Arthur Hayes, co‑founder of BitMEX, has again put privacy coins in the spotlight, urging Zcash (ZEC) holders to withdraw tokens from centralized exchanges (CEXs) and move them into shielded, self‑custodial wallets. Hayes’ call reinforces a familiar privacy‑focused message: custody equals control, and keeping ZEC on exchanges can strip away the confidentiality that privacy coins promise.

Why Hayes Wants Users to "Shield" Their ZEC

Hayes recommended that anyone holding ZEC on a CEX should "withdraw it to a self‑custodial wallet and shield it." Shielding converts a transparent ZEC balance into a shielded balance on the Zcash network, leveraging zk‑SNARKs (zero‑knowledge proofs) to obscure sender and receiver details. The appeal is simple for privacy advocates: shielded addresses (z‑addresses) restore transaction anonymity that exchanges typically cannot provide.

Zcash's privacy model supports two address types: transparent t‑addresses, which behave like standard public wallets, and shielded z‑addresses that enable private transfers. Most exchanges only support t‑addresses, meaning tokens kept on CEXs remain fully traceable onchain. By moving ZEC into a self‑custodial wallet that supports shielded transactions, users can reclaim the privacy features Zcash was built to offer.
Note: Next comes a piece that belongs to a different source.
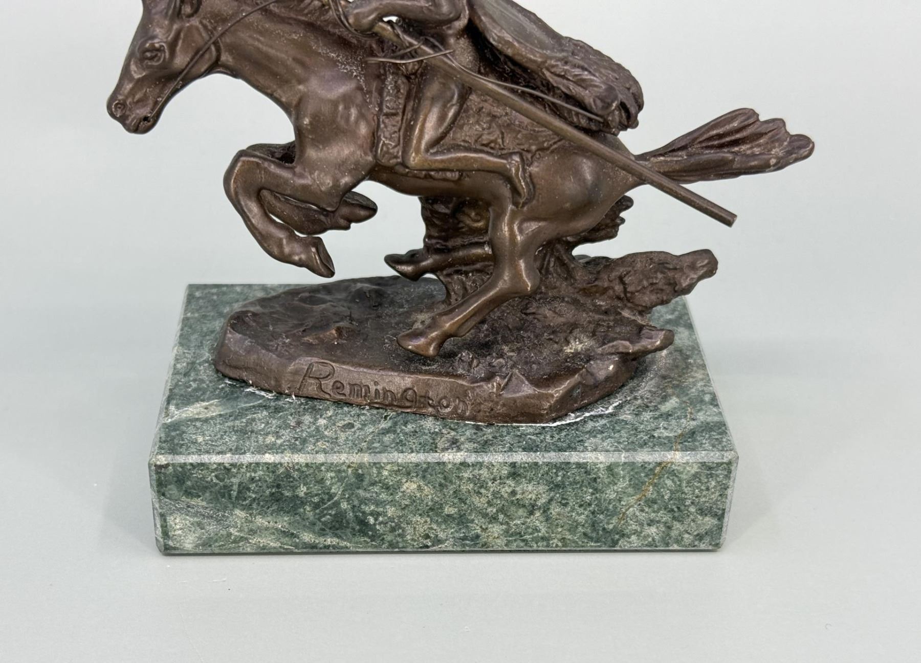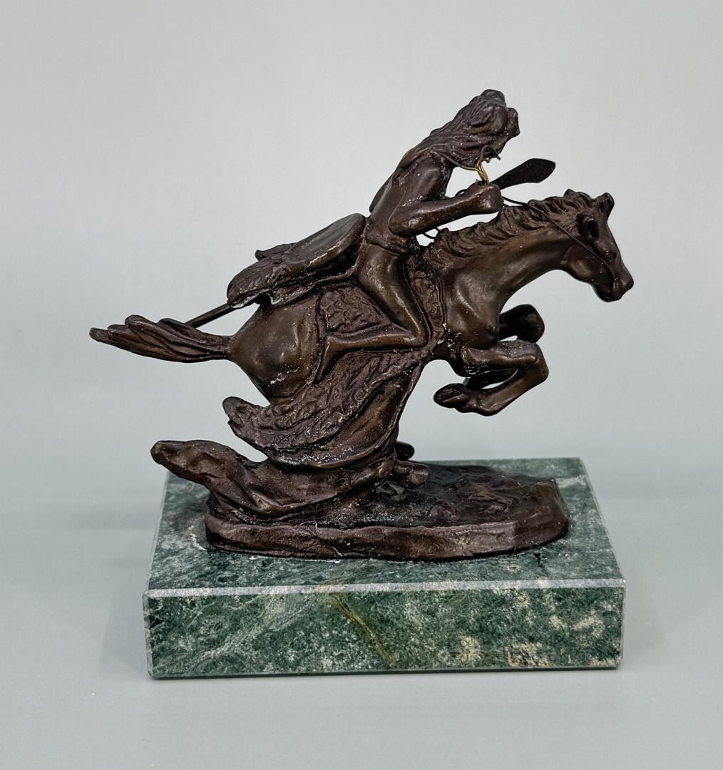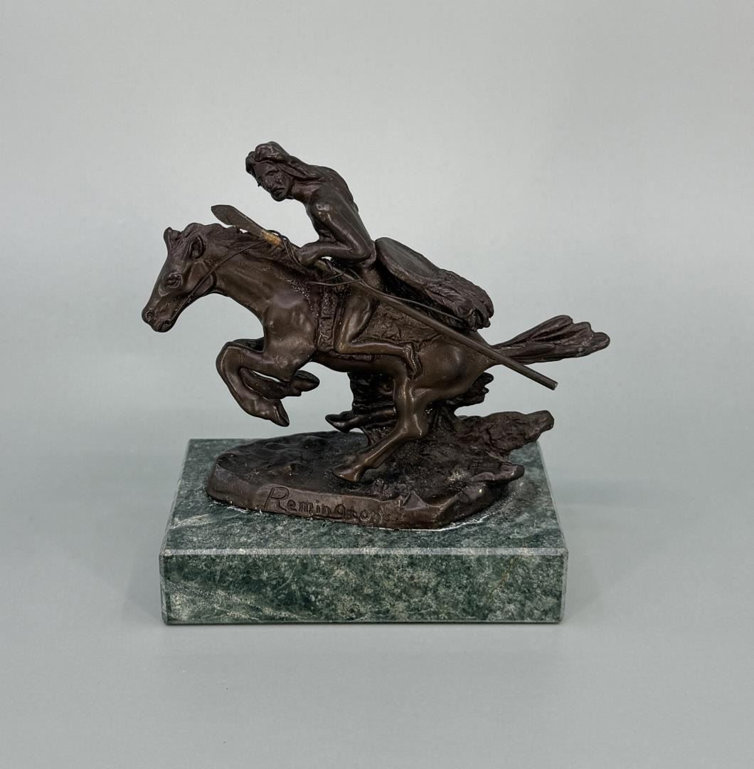 Title is Cheyenne. 4" by 3 3/4" by 2". Frederic Sackrider Remington (1861 - 1909) was active/lived in New York, Kansas, Connecticut. Frederic Remington is known for Western painting and sculpture, illustration. In his lifetime polymath Frederic Remington was the most successful and famous Western American artist. His immense talents included excelling as an illustrator, author, sculptor, and fine artist. His was a life tragically cut short. Born on October 4, 1861 in Canton, a small berg in bucolic upper state New York, he was much influenced by his father Seth Pierpont Remington, a Republican journalist who founded the St. Lawrence Plaindealer. His father had been a captain in the Civil War, and in 1870 President Ulysses S. Grant appointed him United States Collector of the Port of Ogdensburg, New York. In 1876 young Frederic enrolled at Highland Military Academy in Worcester, Massachusetts where he studied for the next two years. Two years later he enrolled at Yale for one year to study in the School of Fine Arts. His two loves were art and football. Only three months into school, he published his first illustration in the on-campus newspaper Yale Courant. On the gridiron he was a natural, demonstrating great strength and agility. Like Theodore Roosevelt, Remington also enjoyed boxing. A year later he met his future wife Eva Caten from Gloversville, New York. After the death of Remington’s father from tuberculosis on February 18, 1879, Eva rejected his first marriage proposal. Floundering, Remington headed to the American West to find himself—much like Theodore Roosevelt did when his mother and wife died on the same day. That led to a trip to Montana where he completed a number of sketches. Invigorated by his Western experiences, in February 1883 he headed to Kansas and with part of his inheritance bought a 160 acre sheep ranch near Peabody, Kansas. That failed adventure lasted about a year, and he then relocated to Kansas City, Missouri where Eva would join him as his wife. Yet he squandered the rest of his inheritance on a saloon there. After more illustrations were sold to Harper’s Weekly, in 1885 the Remingtons moved to New York City, and in 1886 he attended the Art Students League. By then Remington was earning $1,200 a year, twice the income of a school teacher. Other magazines such as St. Nicholas and Outing also published his art. His work certainly impressed a young Theodore Roosevelt who was chronicling his life in Medora—now in North Dakota—for a serial that ran in The Century Magazine. It was very common at the time for authors to serialize their works in magazines before they were published in book form. In the fall of 1887 Remington was commissioned to illustrate the magazine stories which ended up in Roosevelt’s 1888 classic book Ranch Life and the Hunting Trail. Early on, a lasting friendship between the two was cemented through these publications. By 1889 he had garnered national notoriety as one of the most accomplished illustrators in the country. He was a national celebrity. In 1889 his monumental canvas A Dash for the Timber was exhibited at the National Academy of Design. The New York Times reported, "The picture at the Autumn exhibition of the Academy of Design before which stands the largest number of people is Frederic Remington’s Dash for the Timber." A Silver medal for Last Lull in the Fight followed at the Exposition Universelle in Paris. In 1891 the National Academy of Design elected Remington as an Associate member. Yet he was never admitted as National Academician, despite support from fellow artists Gilbert Gaul, Childe Hassam, and others. His financial success allowed the Remingtons to move into a grand home he named Ednion Algonquin for "a place where I live in New Rochelle, New York. A young Norman Rockwell would someday paint in his studio. Through his travels, Remington embraced social Darwinism survival of the fittest that championed the U.S. military’s domination of the inferior Native Americans. Theodore Roosevelt, George Armstrong Custer, and Remington along with most other Americans—idolized Charles Darwin. As early as 1888 Remington started contributing short stories along with illustrations to magazines. His writings teemed with romantic Western stories chalk full of drama and violence. Initially, they presented the cavalryman as the hero and the Indian as the villain, especially when the Indian had been tainted with the vices of the white man. His West was the "frontier model where the fittest were rugged individuals from northern Europe and white Americans. Even though he was an accomplished author and painter, perhaps his greatest talent was as a sculptor. His bronzes are more famous and collectible than any other Western American artist. And yet his bronze repertoire was completed in just fourteen years. Starting in order of modeling, they are: The Broncho Buster, The Wounded Bunkie, The Wicked Pony, The Scalp, The Norther, The Cheyenne, The Buffalo Signal, Coming Through the Rye, The Mountain Man, The Sergeant, Paleolithic Man, Savage, Polo, The Rattlesnake, Dragoons 1850, The Outlaw, The Horse Thief, The Buffalo Horse, The Cowboy, Trooper of the Plains 1868, The Broncho Buster (large), and The Stampede. His Coming Through the Rye was widely viewed by the public at two world’s fairs. A New Jersey artisan in 1904 was commissioned by Remington to produce a heroic size plaster of the sculpture for the 1904 Louisiana Purchase Exposition in St. Louis, Missouri (called Off the Trail). It was then shipped to Portland, Oregon the next year for the Lewis and Clark Exposition and titled Shooting Up the Town. The Cowboy—his only monumental bronze—was commissioned in 1905 by the Fairmount Park Art Association in Philadelphia. The twelve feet high bronze was shipped to Philadelphia in May 1908 and unveiled in the park as The Mounted Cowboy. In 1900 Remington turned to Riccardo Bertelli at Roman Bronze Works in Brooklyn to cast

Price Volatility and Market Context

Hayes’ comments coincided with intense price swings for ZEC. The token surged to roughly $723 on Saturday, then dropped to around $504 on Sunday, climbed again to about $677 on Monday, and later retraced — trading near $450 at the time of reporting. This represents roughly a 37% decline from the weekend high. Analysts pointed to an overbought RSI (relative strength index) as a likely catalyst for the violent correction.

Zcash's seven-day price chart

Despite recent volatility, ZEC remains central to the privacy coin narrative and holds a significant market capitalization. CoinMarketCap data show ZEC up about 5% over the past seven days from some reference points, while other privacy tokens have produced mixed results. Monero (XMR) remains another pillar in this niche, and alternative privacy projects such as Dash and Decred have experienced notable volatility as well.

CEX Risks, Self‑Custody Responsibilities

Hayes’ warning underscores a broader trade‑off: convenience versus sovereignty. CEX custody can expose ZEC holders to withdrawal freezes, Know Your Customer (KYC) restrictions, regulatory delistings, and counterparty insolvency — risks observed with privacy tokens like Monero in recent years. When you keep funds on an exchange, you forfeit cryptographic control and much of the privacy that shielded transactions provide.

However, self‑custody and shielding are not without obligations. Users must secure private keys, maintain backups, and use well‑verified wallets that support zk‑SNARK operations. Mistakes in key management can be irreversible, so the sovereignty that self‑custody provides comes with heightened personal responsibility.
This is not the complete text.